Berdasarkan data pasar nyata, saham MINA telah mengalami kenaikan sebesar +31.9% dalam satu bulan terakhir, dari level Rp 282 ke Rp 372. Kenaikan ini masih tergolong wajar dan belum mencapai level overbought yang ekstrem. Namun, volume perdagangan tidak menunjukkan adanya lonjakan signifikan yang mengonfirmasi kekuatan tren. Rata-rata volume 20 hari berada di Rp 345, yang menunjukkan bahwa pergerakan harga saat ini belum didukung oleh partisipasi pasar yang luas. Dari segi risk vs reward, target swing ke Rp 430 menawarkan reward yang moderat, namun risiko penurunan ke level support juga perlu diperhitungkan. Trader disarankan untuk tidak mengejar harga di level saat ini dan lebih sabar menunggu koreksi ke area entry yang ideal.

8. Trading Plan & Strategi Kuantitatif AI

Berdasarkan model Random Forest Machine Learning kami, berikut adalah parameter teknis untuk MINA:

  • Rekomendasi Strategi: WAIT / PHASE 1 ACCUM
  • Area Entry Ideal: Rp 334
  • Target Profit (TP): Rp 430
  • Stop Loss (SL) Absolut: Rp 284

Peringatan Risiko: Fase pasar saat ini adalah ABSORPTION. Strategi di atas hanya sesuai untuk profil risiko tinggi. Disiplin pada SL dan position sizing mutlak diperlukan.

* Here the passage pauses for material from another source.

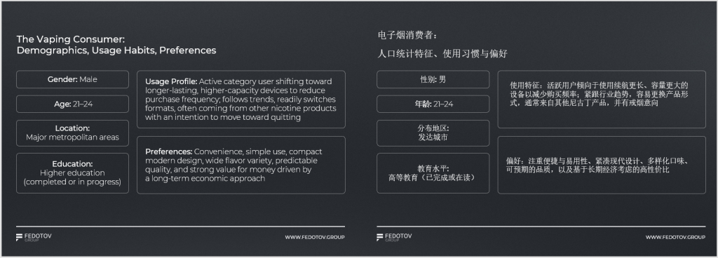通过每年3-4千份用户调研数据,Fedotov勾勒出俄罗斯电子烟用户典型画像:以男性为主,年龄集中于21-24岁,多居住于大城市,拥有高等教育背景。消费行为上:他们倾向选择续航更长、容量更大的设备以降低购买频率,乐于跟随趋势、更换产品形式,多从其他尼古丁产品转化而来,并普遍怀有戒烟意向。其消费偏好鲜明:注重便捷易用、设计现代、口味多样、品质稳定,且重视长期性价比。

Kesimpulan & Verdict Akhir

Secara keseluruhan, saham MINA berada dalam situasi yang kontradiktif. Di satu sisi, terdapat sinyal teknikal yang cukup kuat berupa super akumulasi dari bandar dan kenaikan harga dalam sebulan terakhir. Di sisi lain, fundamental perusahaan yang merugi, valuasi yang sangat mahal, dan kondisi makro yang sedang crash menjadi faktor risiko yang dominan. Oleh karena itu, verdict akhir untuk MINA adalah DICERMATI DENGAN KEWASPADAAN TINGGI. Saham ini tidak layak untuk dibeli di harga saat ini, melainkan hanya layak untuk dicermati dan ditunggu hingga harga mencapai area entry yang telah ditentukan oleh sistem, yaitu Rp 334. Jika harga tidak mencapai level tersebut, maka lebih baik untuk menahan diri dan tidak memaksakan entry. Trader harus siap untuk memotong kerugian secara disiplin jika harga menembus level stop loss di Rp 284.

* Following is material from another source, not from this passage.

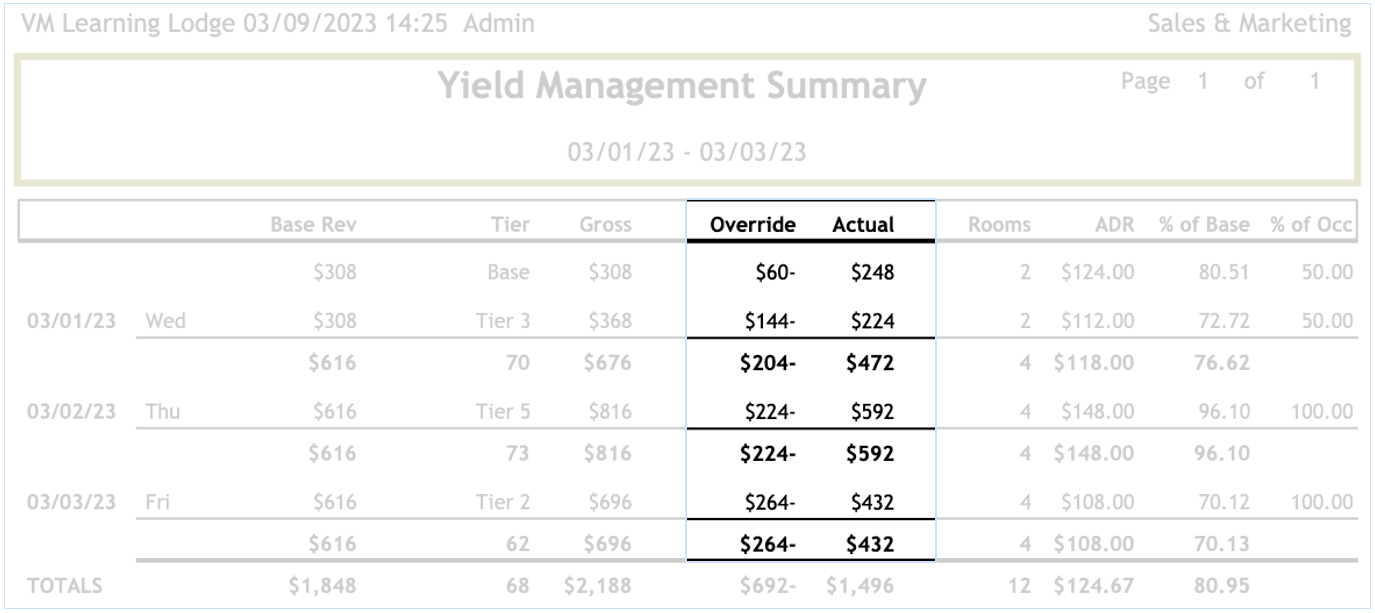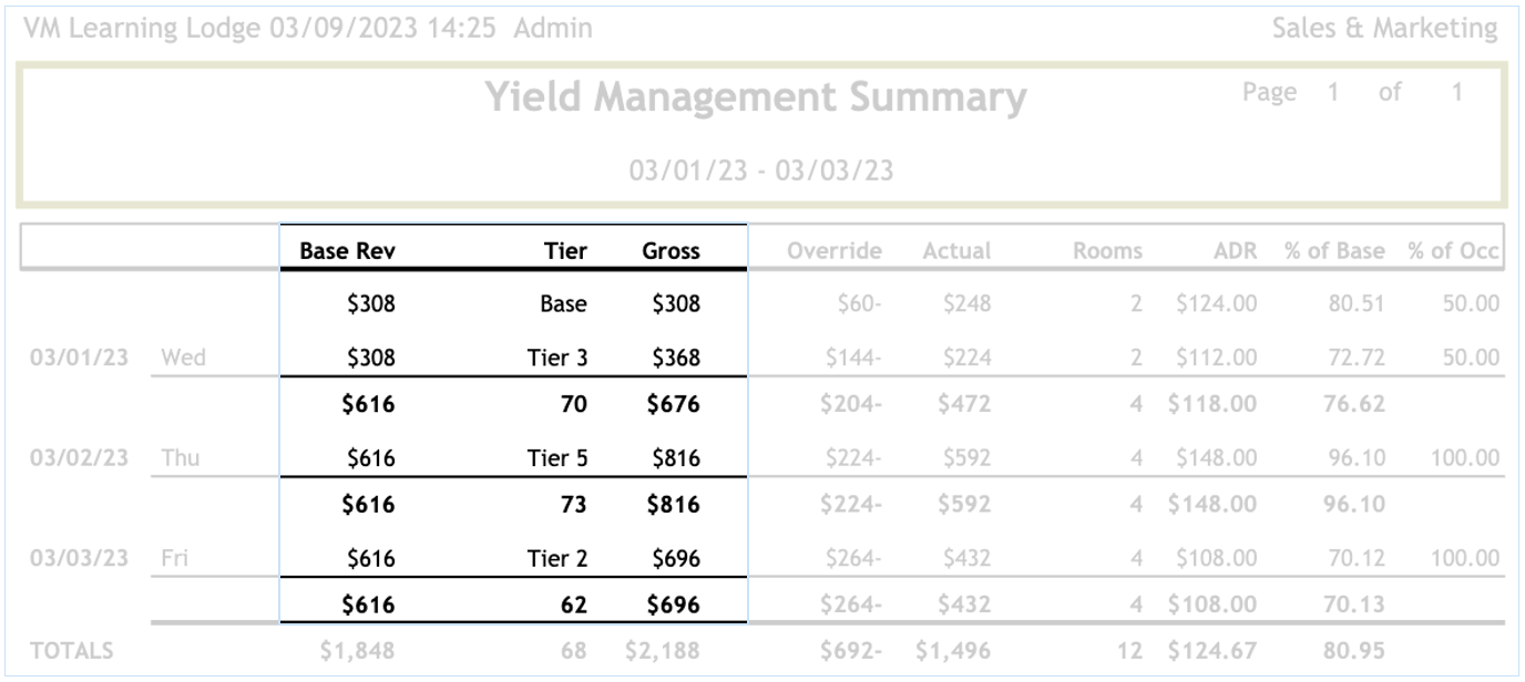 The Yield Management History report will display how many rooms were sold for each tier each day.
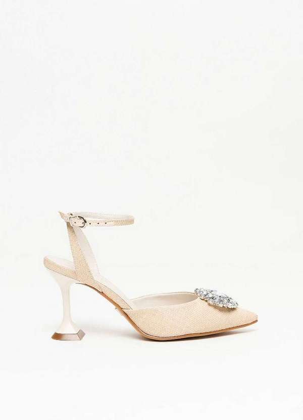 Composição : Cabedal: tecido lurex / forro: tecido poliéster / palmilha: sintético pu / metais: zamac / solado: laqueado

Analisis kuantitatif ini disusun menggunakan mesin kecerdasan buatan (SuperBot AI) Aitrade dan telah melalui proses filtrasi data pasar secara real-time. Kinerja masa lalu tidak menjamin hasil di masa depan. Keputusan investasi sepenuhnya tetap berada di tangan Anda.

🚀 Tingkatkan Win Rate Trading Anda Bersama AI!

Artikel ini adalah sebagian kecil dari kemampuan SuperBot AITrade. Dapatkan akses penuh ke Screener Bandar, Sinyal Real-Time, 🗡️ Radar Day Trade, ⚓ Bottom Fisher AI,💰 Radar Dividen Hunter,🚑 Klinik Sangkut & Rescue, 🌋 Radar Komoditas AI, 💎 Deep Value Hunter,🕵️ Smart Money Accumulation,🎯 Top AI Win Probability,🚀 Pemburu ARA dan Prediksi Machine Learning untuk seluruh saham di IHSG secara langsung.

Catatan Edukasi

Artikel ini disediakan untuk tujuan edukasi dan informasi. Jika artikel membahas saham atau market, keputusan transaksi tetap menjadi tanggung jawab masing-masing pembaca. Selalu lakukan riset mandiri dan gunakan manajemen risiko.